After isolation of genomic DNA I would like to get rid of the DNAse. I want to preserve short DNA fragments. Do you know how to do it? Any commercial kit available?
You can use DNA-free™ Kit from (Invitrogen™) since this kit is used to digest DNA in extracted RNA and the DNA-free™ reagents effectively remove DNase and divalent cations from the reaction mixture.
My opinion is the less you rely on kits the better. I like Norbert's suggestion, assuming the fragments are of a somewhat homogeneous size and therefore will not run as a smear.
Two alternatives
1) Phenol-chloroform extract to remove the protein from your sample. Don't use something fancy... simple old water saturated phenol chloroform, neutral pH, no chaotropic salts or stabilizers or anti-foaming junk. Collect the aq phase, make sure the monovalent salt concentration is >= 200 mM and ethanol precipitate 2X. Take an absorbance spectra to be sure you did not bring any phenol over.

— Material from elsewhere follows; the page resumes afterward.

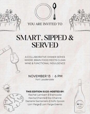 Smart, Sipped & Served — a new dinner series by TV personality, wellness guru, and CEO of Sip Channé Kavita Channé (@kavitachanne). On November 13th at 6PM, Kavita will host an unforgettable debut evening at a private residence in South Florida, joining forces with a dynamic group of female wellness founders and CEOs to present an unforgettable debut evening centered on well-being, culinary innovation and creative expression. The menu has also been set, attached above, presented byChef Danielle Santaniello, a co-host.

2) Depending on what 'DNAse' and what you want to do with the sample afterward.... All the DNAse enzymes I know of use a divalent cation cofactor and so can be inactivated by chelation.
If you don't want to heat your samples and want to minimize loss of low molecular weight fragments then add a reducing agent. The two disulfide bonds of DNase are reduced by mercaptoethanol and similar reagents in minutes at pH 7.2 and room temperature. The reduced protein is inactive.
J Biol Chem. 1969 Feb 10;244(3):929-32.
Effect of divalent cations on the reduction and re-formation of the disulfide bonds of deoxyribonuclease.